Saving Geek Lore and Other Wikipedia Castoffs
Ian Lamont notes an Industry Standard feature on Deletionpedia — a collection of 63,559 deleted Wikipedia pages that range from "vanity entries" or obscure points of reference to heavily edited topics that Wikipedia editors eventually deemed fan fiction, inadequately sourced, or otherwise lacking. Looking through the collection of removed articles, it's apparent that entertaining minutiae are often the target of Wikipedia editors: "Geek lore seems to be a particular target for deletion, with the deleted page of the month a comprehensive guide to 'Weapons of the Imperium (Warhammer 40,000)'. Deletionpedia provides links back to the Wikipedia deletion discussions, which are a lesson in magnification of minutiae; the Warhammer page was removed due to philosophical disagreements over what can be considered credible source material, while a page listing every chalkboard gag in The Simpsons opening credits spent 691 days on the site before being deleted as 'fancruft.'" Note that while Deletionpedia uses MediaWiki, it doesn't have wiki functionality — readers can't alter or update archived entries.
I think WP needs to stop calling itself an "encyclopedia" and just come to terms with the fact that they are nothing more than an enormous repository of pop culture knowledge, with a decent but not impressive (volume-wise) level of actual encyclopedic knowledge.

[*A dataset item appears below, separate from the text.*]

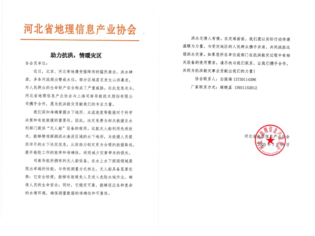灾情发生后,上海司南导航技术股份有限公司(下称“司南导航”)联合承德今图地理信息有限公司,携司南导航Lu8激光双摄RTK超站仪、Lu3北斗版RTK等多款高精度定位设备,紧急驰援灾区,第一时间投入抢险,为防汛一线提供关键定位保障。
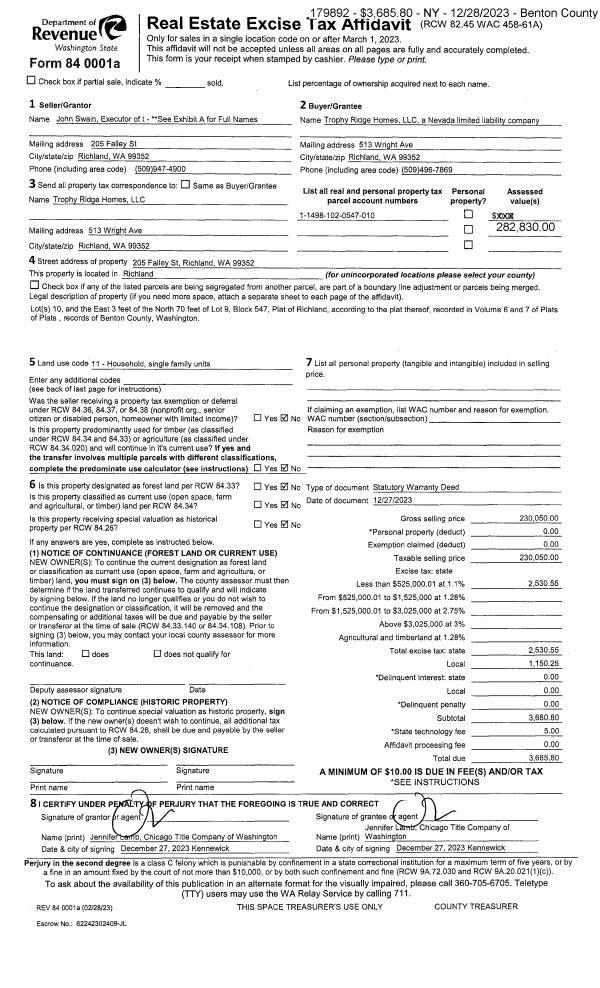 | 2 | 12/27/2023 | SWD | Statutory Warranty Deed | DU VON DONALD L & ET UX | TROPHY RIDGE HOMES LLC | 2023-027081 | | $230,050.00 | 179892 | |

That doesn't detract from its value, far from it. But they take themselves way too seriously in some cases.
What's the difference if there are 65K more articles? I'm all for removing vanity entries and truly useless crap, but "fancruft" tends to be a rather slippery thing to define.
Web2.0: I love when people Flickr my cuil and digg my boingboing until my google is reddit and I start to yahoo
was: I honestly don't get the whole hate that Wikipedia seems to have against sci-fi and geeky topics...
should be:
I honestly don't get the whole justified hate that Wikipedia seems to have against lame sci-fi and moronic topics...
I think you answered your own question!